# Dynamark 523-Trouble finding manuals



## superfly611 (Mar 27, 2012)

i am looking for a manual and parts book for a 
dynamark 523
Model# 235100
Serial# 000149
Code# 8272
i really would appreciate the help in finding some where to download it or if i have to buy it.


----------



## bwdbrn1 (Nov 24, 2010)

Saw where they were made by Murray. Maybe you can find one here.
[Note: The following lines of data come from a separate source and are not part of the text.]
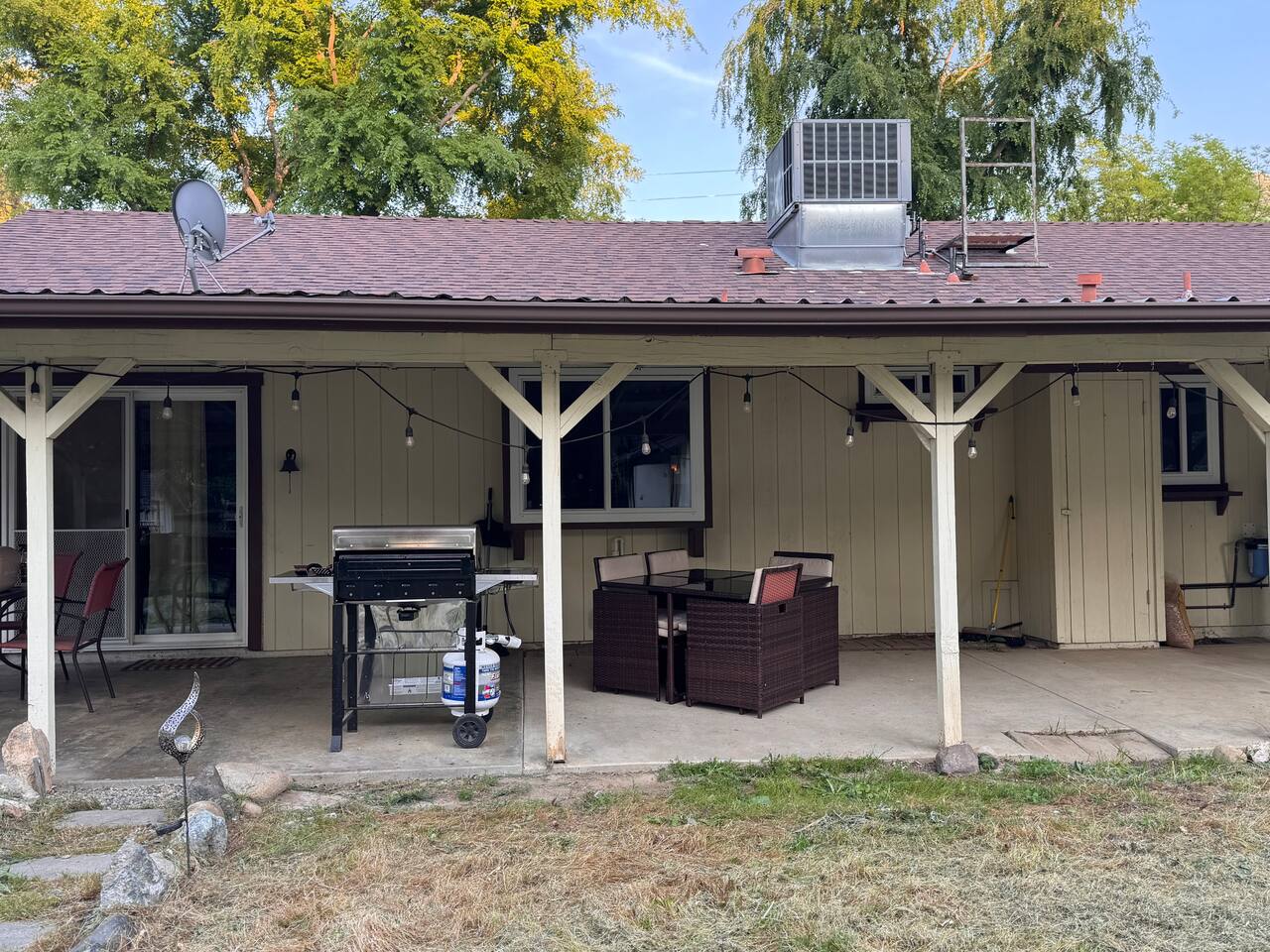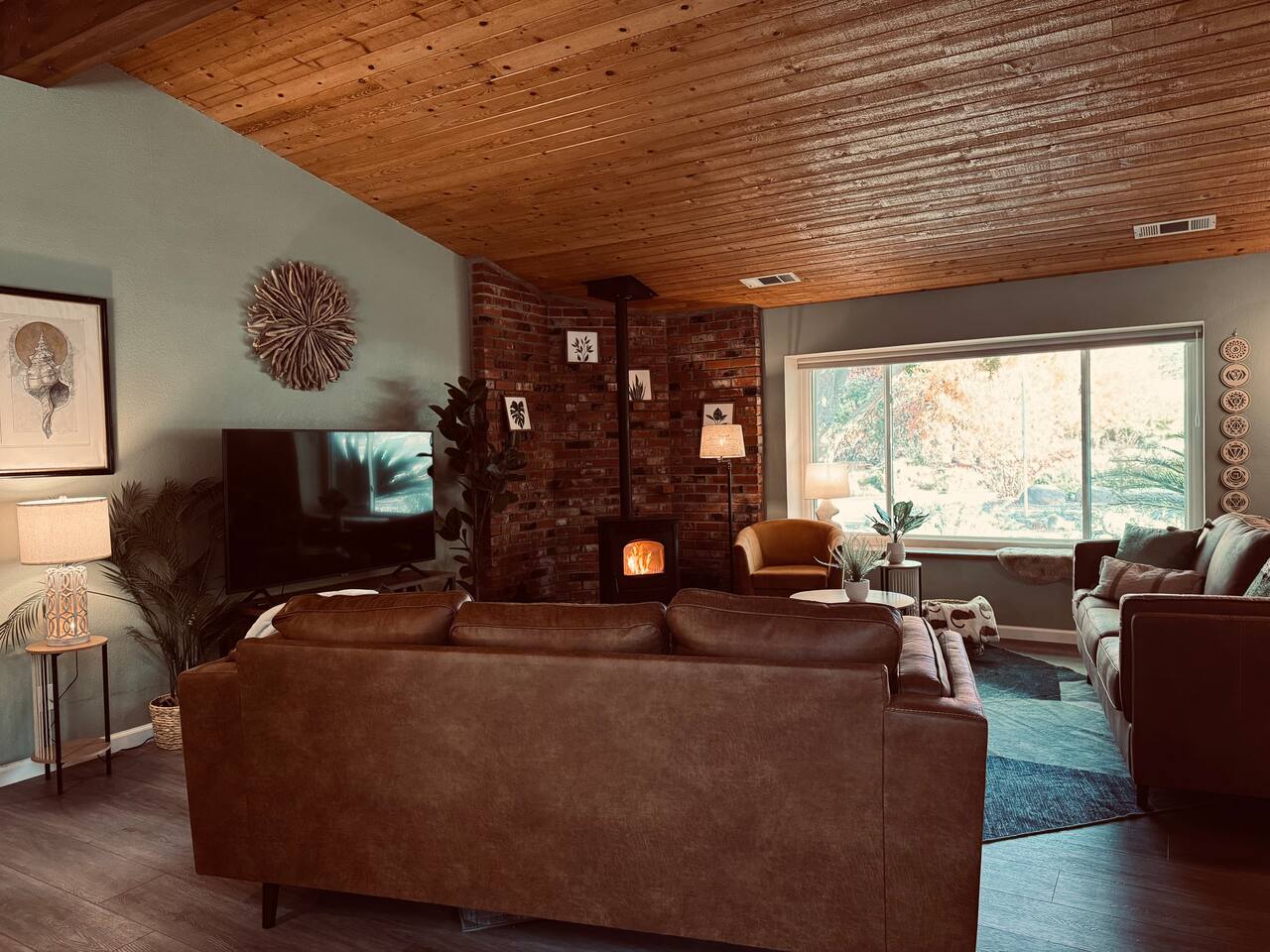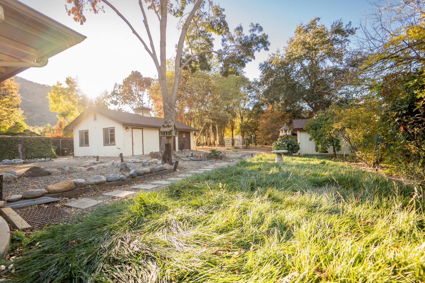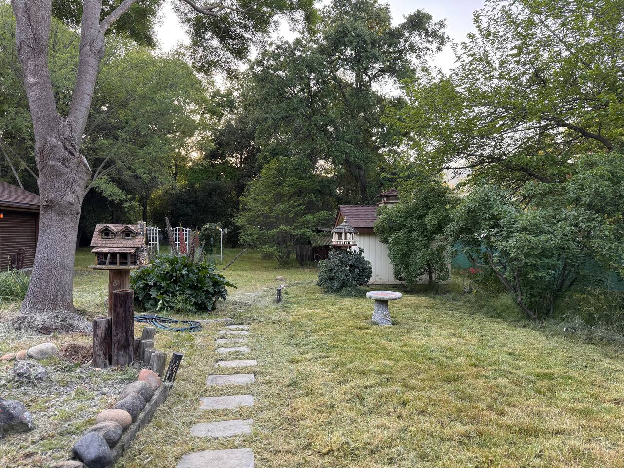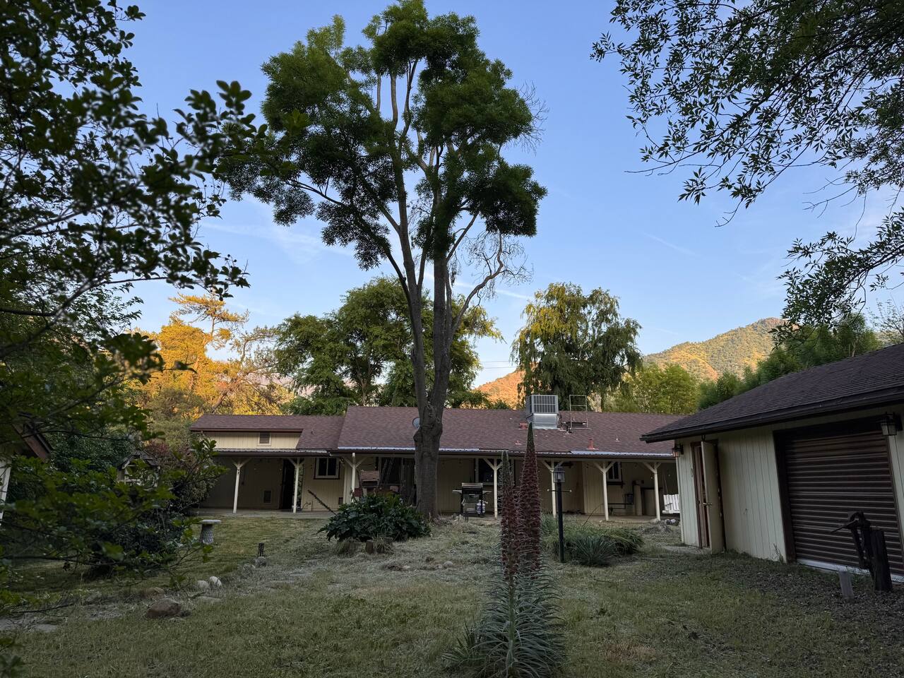 Spacious home 7 miles again from Sequoia. Spa with waterfall suitable for 6 people. The yard is all fenced for your pets and family to enjoy privacy and open space. High speed internet. 3 spacious bedrooms. Full bathrooms with all the little things you need when traveling. TV connected to the internet to enjoy all your favorite movies. Outdoor Propane Firepit, Propane BBQ (we include the propane) Pellet wood stove. Italian coffee machine with coffee bean grinder. We provide dog beds.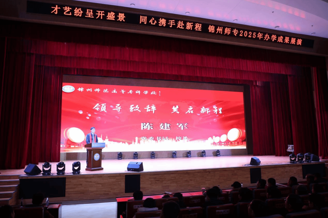 序幕拉开,我校党委书记、校长陈建军在致辞中向长期关心支持学校发展的锦州市委、市政府,市委教育工委、市教育局,各市直部门及合作企业致以衷心感谢,并从学校发展、社会影响、对外交流、校地校企融合等方面介绍我校2025年办学成果。陈建军表示,学校将持续深化教育教学改革,增强服务区域能力,为辽宁全面振兴贡献力量。讲话最后,他向全体与会嘉宾、师生员工致以新年祝福。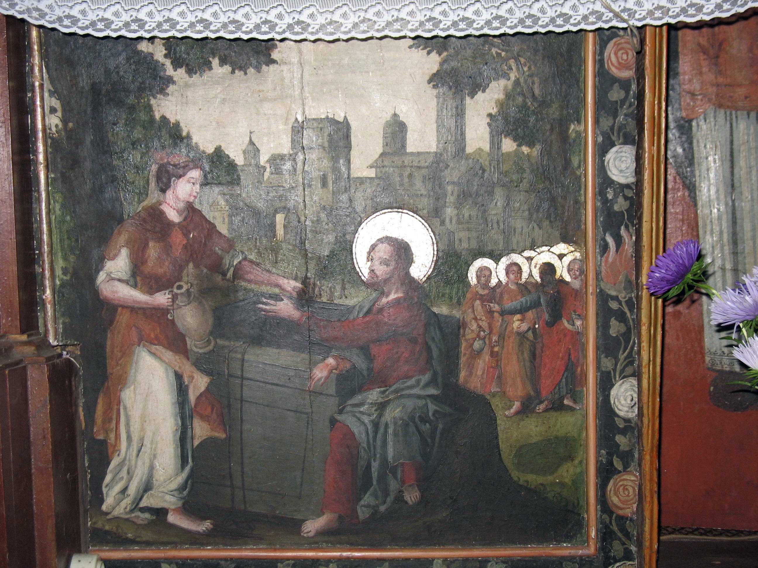 Ікона «Христос і самаритянка»Розмір зображення: 2592:1944 піксел Фото Зенона Боровця і Богдана Тхора, 5 вересня 2006 р. В ряді пределл під іконою «Христос учитель». |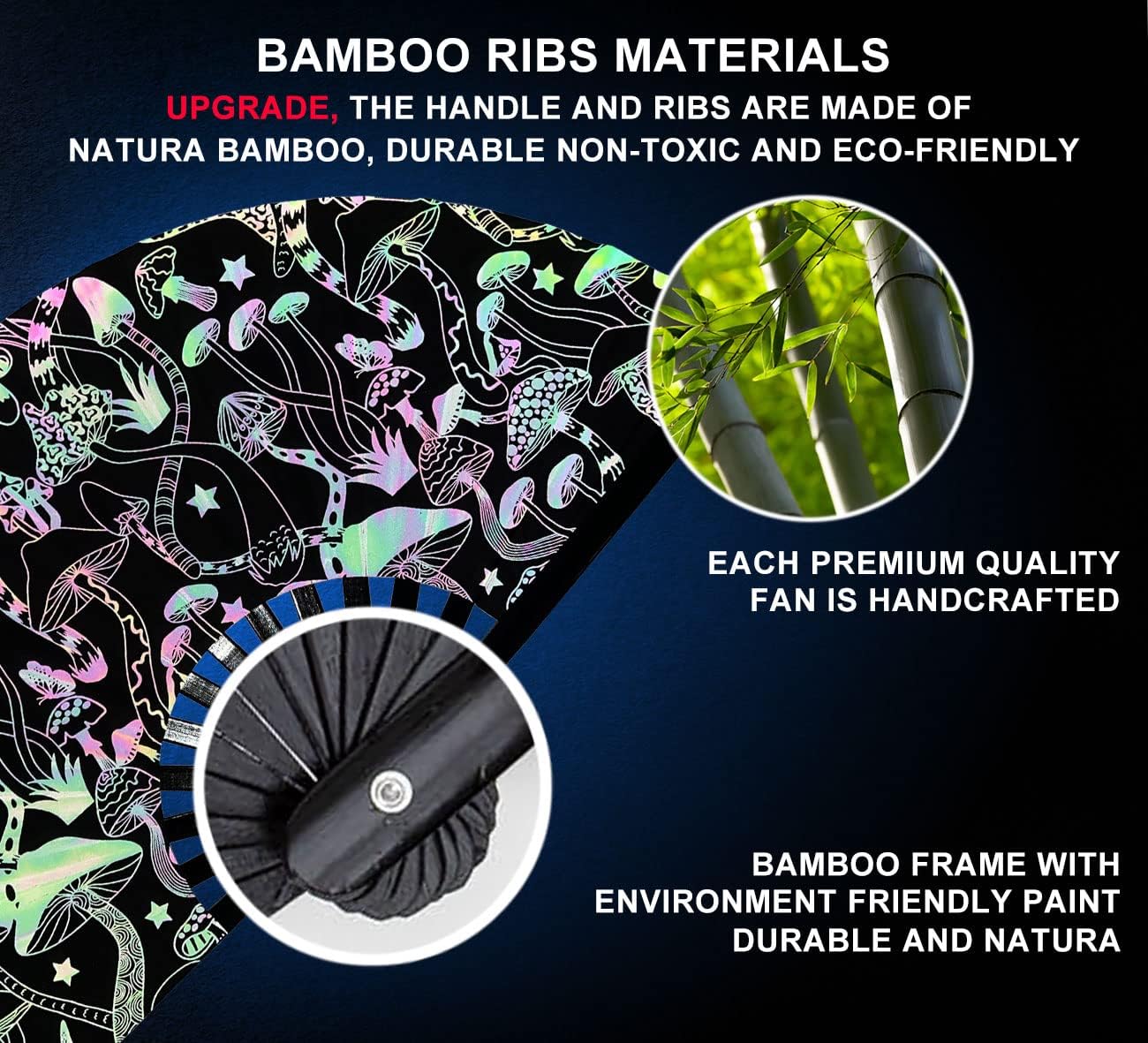 - Durable and lightweight: Not only is this fan eye-catching, but it's also practical and fun. With a larger size than most hand fans, it's great for creating an even bigger impact at raves, music festivals, and other events. Made with a sturdy bamboo frame, this fan is durable and lightweight, making it easy to carry with you wherever you go.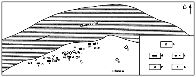 1, 4–6 – Семенки; 2, 3 – Самчинцы.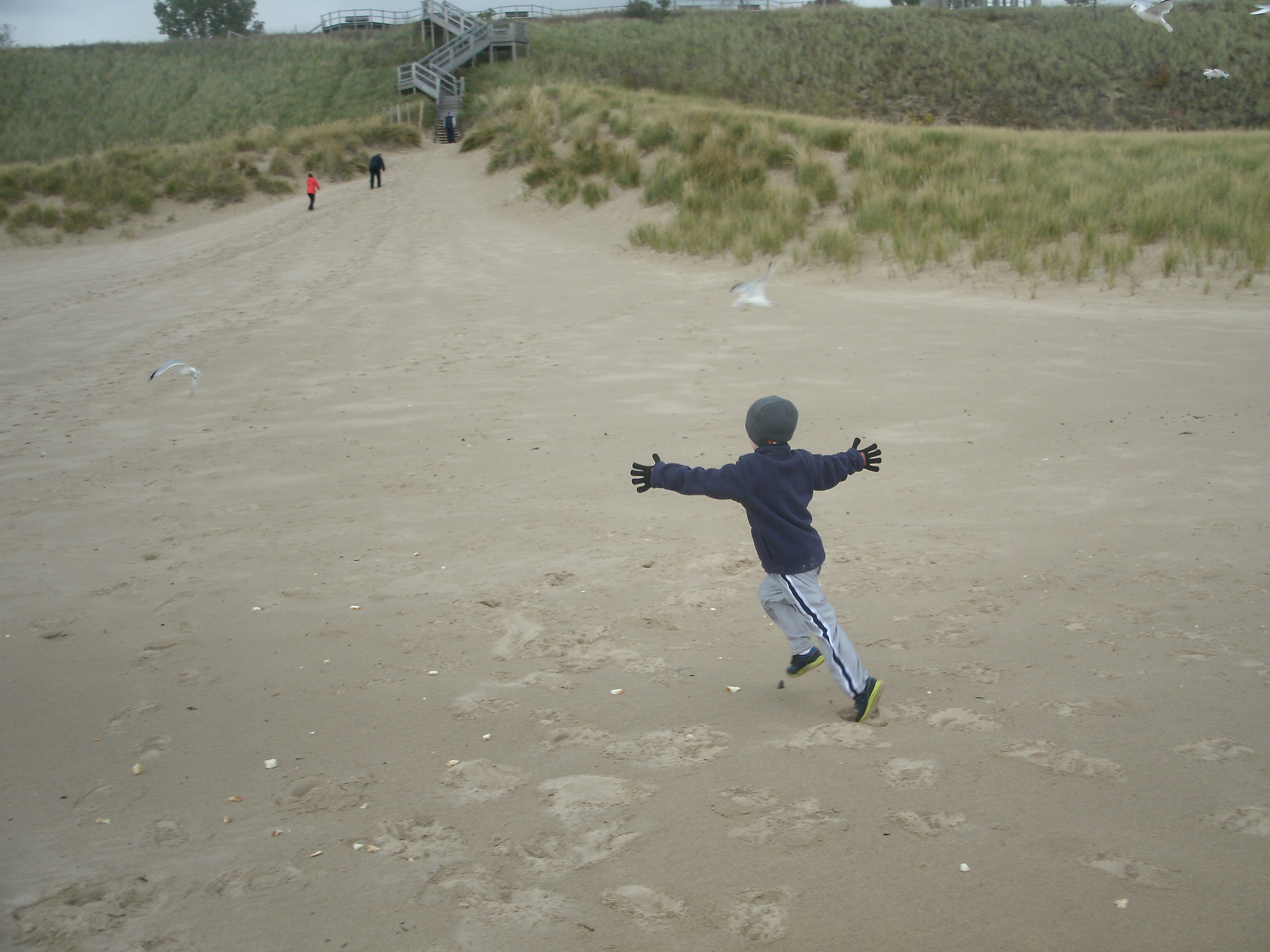 Grandpa Crandell, Uncle Chris and Uncle Eric came to visit for a weekend of fun. We celebrated Chris’ 30th Birthday early. The kids loved showing them around town. We went to Lake Michigan (Tunnel Park) and fed the seagulls. Cooper was such a beach boy- he was loving it. Bella…. not so much. The kids loved watching the boys play football, soccer, driving remote control planes and boats. Uncle Chris brought Bella 2 fairy dolls and Cooper a remote control boat- they of course were very excited.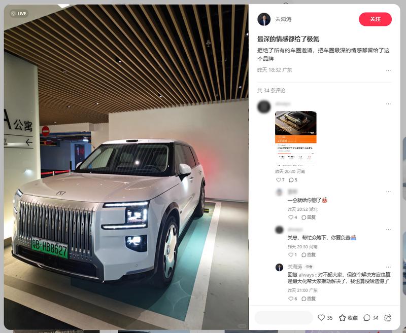 评论区中,有网友分享关于2024款极氪001辅助驾驶软硬件系统更换的众筹页面,希望关海涛能帮助众筹成功。关海涛回应称:对不起大家,但这个解决方案也算是最大化帮大家推动解决了,我也算没啥遗憾了。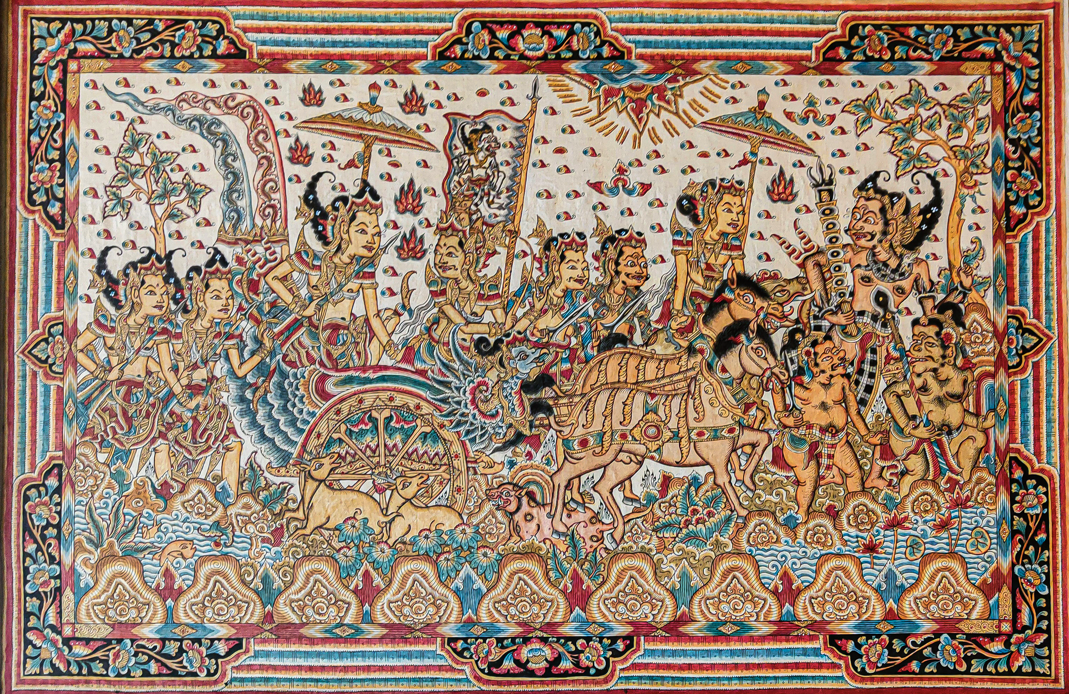 BHARATAYUDDHA Lukisan tersebut menceritakan kisah konflik para Pandawa lima dengan saudara sepupu mereka sang seratus Korawa, mengenai sengketa hak pemerintahan tanah negara Astina. Puncaknya adalah perang Bharatayuddha di medan Kurusetra dan pertempuran berlangsung selama delapan belas hari.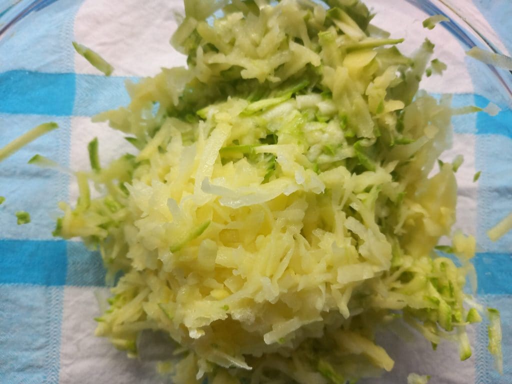 Zucchini und Kartoffeln reiben. Sammle sie in einem sauberen Tuch und drück sie aus. So verlieren sie ihr überschüssiges Wasser.

Murray Snowblower Manuals | Table


----------



## superfly611 (Mar 27, 2012)

i didnt see my model... i am still looking... but thanks


----------



## bwdbrn1 (Nov 24, 2010)

Model numbers might be different, but I was hoping maybe there would be a diagram, picture or something that would be the same. I'll keep looking myself.


----------



## superfly611 (Mar 27, 2012)

thanks. i haven't found anything yet either. i believe its a canadian snowblower. at least i thought i read that somewhere.


----------



## bwdbrn1 (Nov 24, 2010)

Well...I found this;
Dynamark Snow Blowers

Best bet might be to contact Murray directly to see if they can hook you up.

Murray


----------



## HCBPH (Mar 8, 2011)

*Dynamark*

You may want to compare your machine to some of the Craftsman ones (depending on how old you think it is). I know Dynamark was bought by Murray at one time and I've seen some Dynamarks that match some of the 70's & 80's Craftsmans which were relabeled Dynamarks and Murrays. Maybe post a picture of your machine, might help.


----------



## superfly611 (Mar 27, 2012)

i emailed Murray to see if they could help. i will take a picture tomorrow and post it tomorrow. thanks for all the help.
by the way murrays site doesn't have any info on the dynamark that i could find.


----------